▶ _Records for processing_
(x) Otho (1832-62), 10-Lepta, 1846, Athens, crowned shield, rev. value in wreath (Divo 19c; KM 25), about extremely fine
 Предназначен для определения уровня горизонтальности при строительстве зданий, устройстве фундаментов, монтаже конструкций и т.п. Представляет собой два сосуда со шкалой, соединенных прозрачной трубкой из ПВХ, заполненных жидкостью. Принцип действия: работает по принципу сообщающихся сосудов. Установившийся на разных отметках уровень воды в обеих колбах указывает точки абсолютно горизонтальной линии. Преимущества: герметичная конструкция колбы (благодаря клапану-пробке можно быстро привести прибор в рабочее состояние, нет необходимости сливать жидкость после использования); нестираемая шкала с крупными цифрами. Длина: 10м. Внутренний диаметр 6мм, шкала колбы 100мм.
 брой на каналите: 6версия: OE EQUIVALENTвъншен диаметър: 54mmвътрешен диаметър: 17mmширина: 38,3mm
---
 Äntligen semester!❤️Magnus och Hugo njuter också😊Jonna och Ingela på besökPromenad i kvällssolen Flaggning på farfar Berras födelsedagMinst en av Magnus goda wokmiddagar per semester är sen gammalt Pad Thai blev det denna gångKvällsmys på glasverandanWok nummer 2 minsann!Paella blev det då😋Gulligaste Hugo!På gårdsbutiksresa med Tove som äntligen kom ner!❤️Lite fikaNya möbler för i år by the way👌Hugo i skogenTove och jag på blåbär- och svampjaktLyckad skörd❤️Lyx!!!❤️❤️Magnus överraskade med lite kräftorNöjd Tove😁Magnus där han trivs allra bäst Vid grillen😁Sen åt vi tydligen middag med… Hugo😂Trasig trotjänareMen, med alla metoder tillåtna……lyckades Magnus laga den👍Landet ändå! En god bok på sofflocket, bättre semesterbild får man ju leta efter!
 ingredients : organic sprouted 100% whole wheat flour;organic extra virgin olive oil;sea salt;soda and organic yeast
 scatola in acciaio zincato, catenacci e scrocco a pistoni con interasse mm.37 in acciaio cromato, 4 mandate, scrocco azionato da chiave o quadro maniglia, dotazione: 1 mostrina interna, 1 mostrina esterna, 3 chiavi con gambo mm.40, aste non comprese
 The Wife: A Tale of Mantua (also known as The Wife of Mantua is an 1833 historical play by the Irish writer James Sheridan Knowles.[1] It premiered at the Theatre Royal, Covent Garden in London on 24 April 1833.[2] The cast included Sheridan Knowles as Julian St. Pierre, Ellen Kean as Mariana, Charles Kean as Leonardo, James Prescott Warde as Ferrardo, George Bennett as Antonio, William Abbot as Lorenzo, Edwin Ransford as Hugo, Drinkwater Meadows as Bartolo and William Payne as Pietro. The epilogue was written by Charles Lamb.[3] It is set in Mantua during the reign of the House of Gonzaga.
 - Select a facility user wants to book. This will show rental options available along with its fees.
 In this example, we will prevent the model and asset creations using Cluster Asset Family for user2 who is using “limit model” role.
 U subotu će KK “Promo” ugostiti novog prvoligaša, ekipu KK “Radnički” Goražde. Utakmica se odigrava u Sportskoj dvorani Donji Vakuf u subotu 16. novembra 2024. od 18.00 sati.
* * *
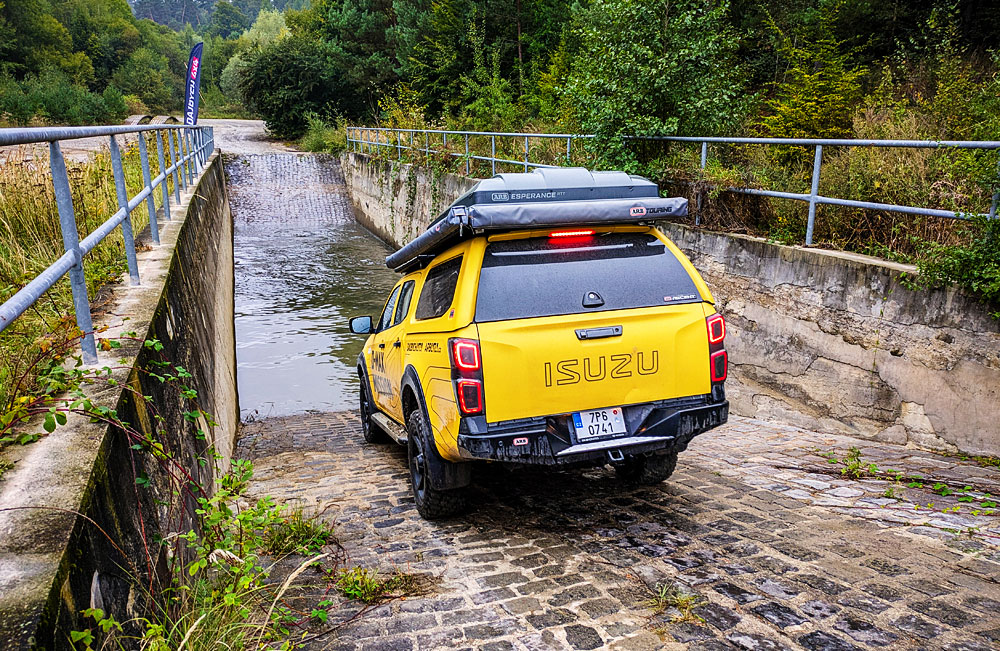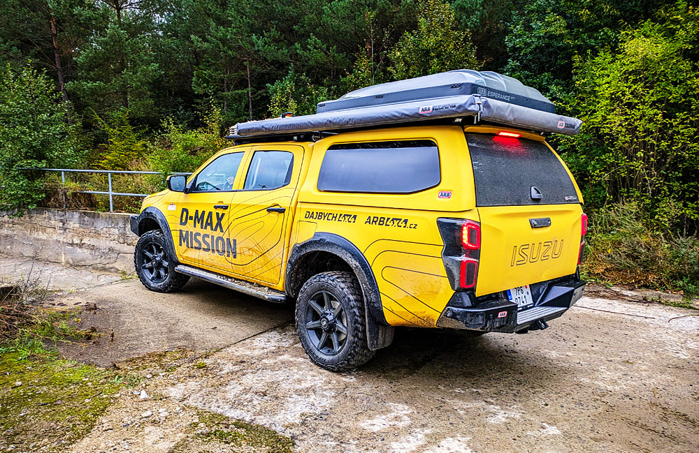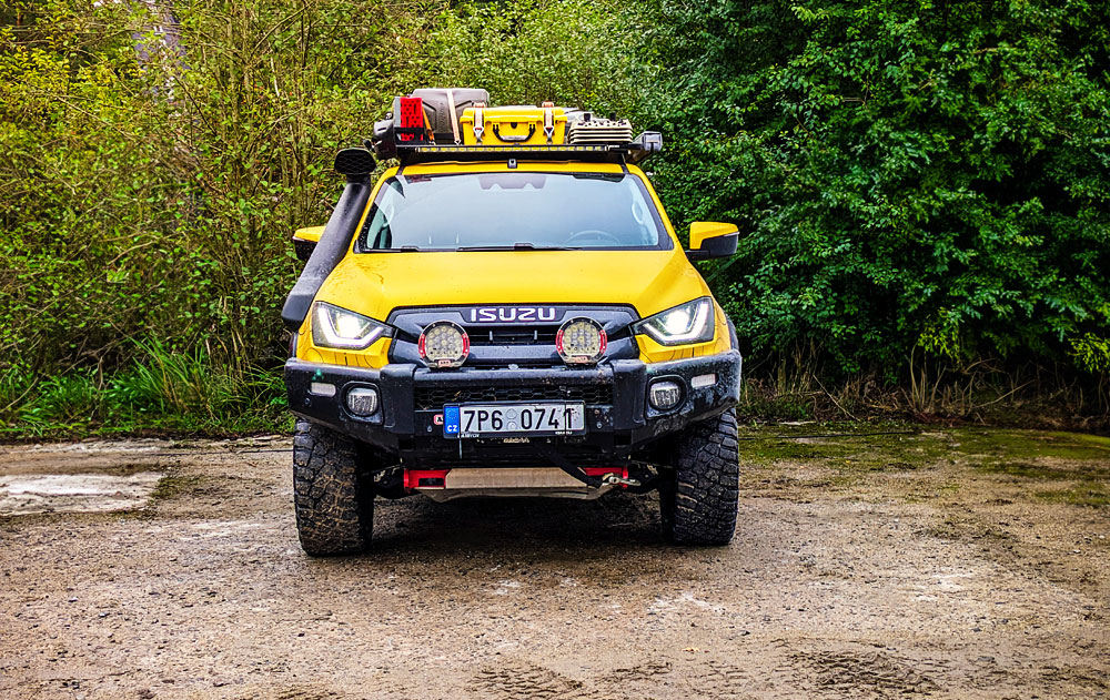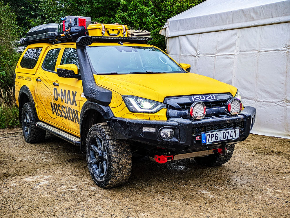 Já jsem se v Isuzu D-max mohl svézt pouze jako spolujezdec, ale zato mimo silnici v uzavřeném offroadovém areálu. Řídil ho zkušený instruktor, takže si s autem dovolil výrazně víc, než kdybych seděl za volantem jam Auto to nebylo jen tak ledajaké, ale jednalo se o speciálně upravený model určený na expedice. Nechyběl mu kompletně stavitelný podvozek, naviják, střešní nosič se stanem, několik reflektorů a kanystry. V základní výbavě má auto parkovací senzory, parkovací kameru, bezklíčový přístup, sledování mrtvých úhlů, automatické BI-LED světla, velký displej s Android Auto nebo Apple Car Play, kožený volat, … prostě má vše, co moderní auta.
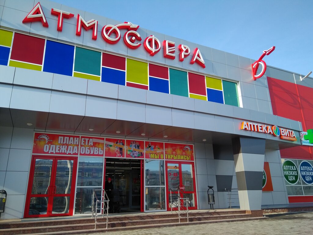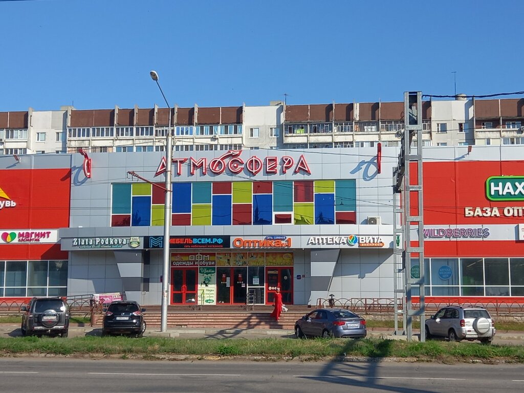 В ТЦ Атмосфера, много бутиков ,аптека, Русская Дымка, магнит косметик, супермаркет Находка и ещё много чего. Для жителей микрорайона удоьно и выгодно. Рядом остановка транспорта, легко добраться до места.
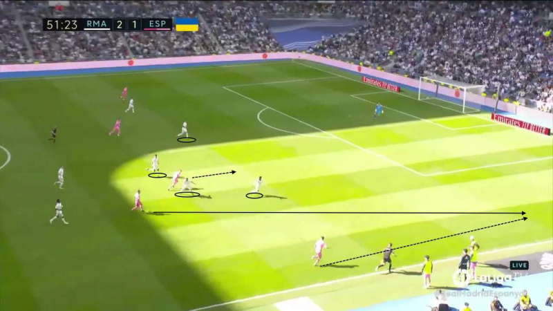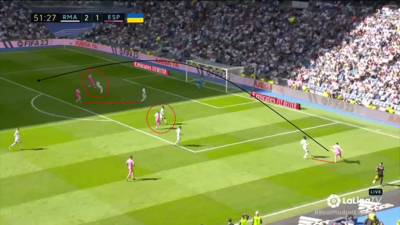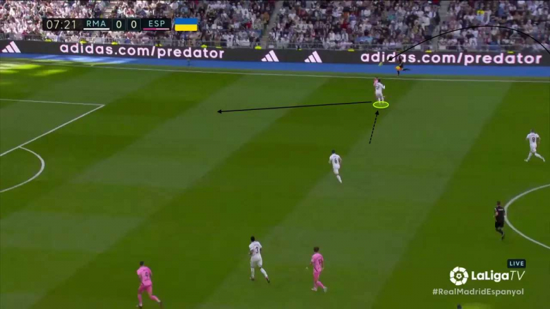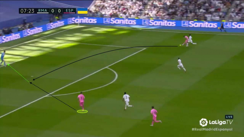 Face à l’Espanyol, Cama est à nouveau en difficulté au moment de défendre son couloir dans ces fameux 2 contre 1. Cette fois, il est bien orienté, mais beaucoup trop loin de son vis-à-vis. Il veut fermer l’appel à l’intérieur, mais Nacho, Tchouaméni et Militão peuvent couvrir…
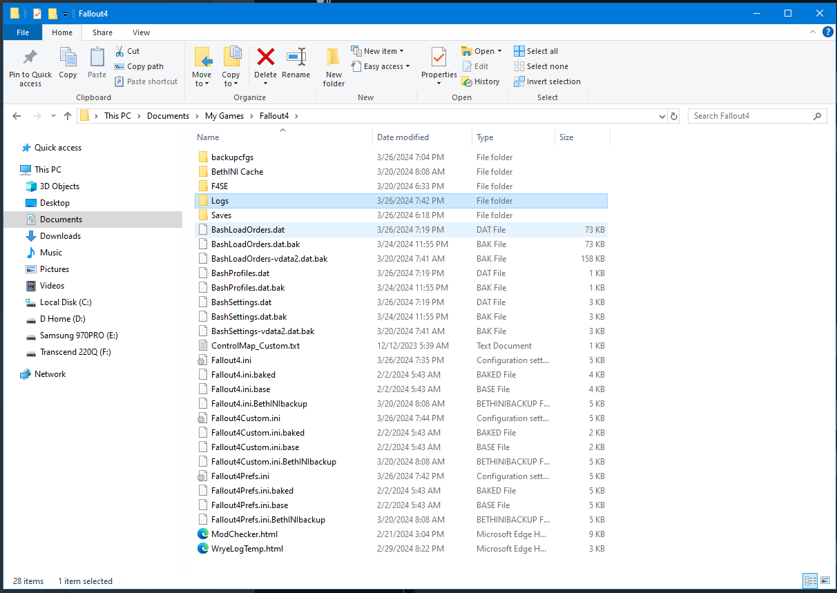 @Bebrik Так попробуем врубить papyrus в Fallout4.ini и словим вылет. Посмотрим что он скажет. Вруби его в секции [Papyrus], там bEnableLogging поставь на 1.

▶ _What you should do_
From the records above, copy every line that includes the word "Hugo".

▶ _Result for this exercise_
 Äntligen semester!❤️Magnus och Hugo njuter också😊Jonna och Ingela på besökPromenad i kvällssolen Flaggning på farfar Berras födelsedagMinst en av Magnus goda wokmiddagar per semester är sen gammalt Pad Thai blev det denna gångKvällsmys på glasverandanWok nummer 2 minsann!Paella blev det då😋Gulligaste Hugo!På gårdsbutiksresa med Tove som äntligen kom ner!❤️Lite fikaNya möbler för i år by the way👌Hugo i skogenTove och jag på blåbär- och svampjaktLyckad skörd❤️Lyx!!!❤️❤️Magnus överraskade med lite kräftorNöjd Tove😁Magnus där han trivs allra bäst Vid grillen😁Sen åt vi tydligen middag med… Hugo😂Trasig trotjänareMen, med alla metoder tillåtna……lyckades Magnus laga den👍Landet ändå! En god bok på sofflocket, bättre semesterbild får man ju leta efter!
 The Wife: A Tale of Mantua (also known as The Wife of Mantua is an 1833 historical play by the Irish writer James Sheridan Knowles.[1] It premiered at the Theatre Royal, Covent Garden in London on 24 April 1833.[2] The cast included Sheridan Knowles as Julian St. Pierre, Ellen Kean as Mariana, Charles Kean as Leonardo, James Prescott Warde as Ferrardo, George Bennett as Antonio, William Abbot as Lorenzo, Edwin Ransford as Hugo, Drinkwater Meadows as Bartolo and William Payne as Pietro. The epilogue was written by Charles Lamb.[3] It is set in Mantua during the reign of the House of Gonzaga.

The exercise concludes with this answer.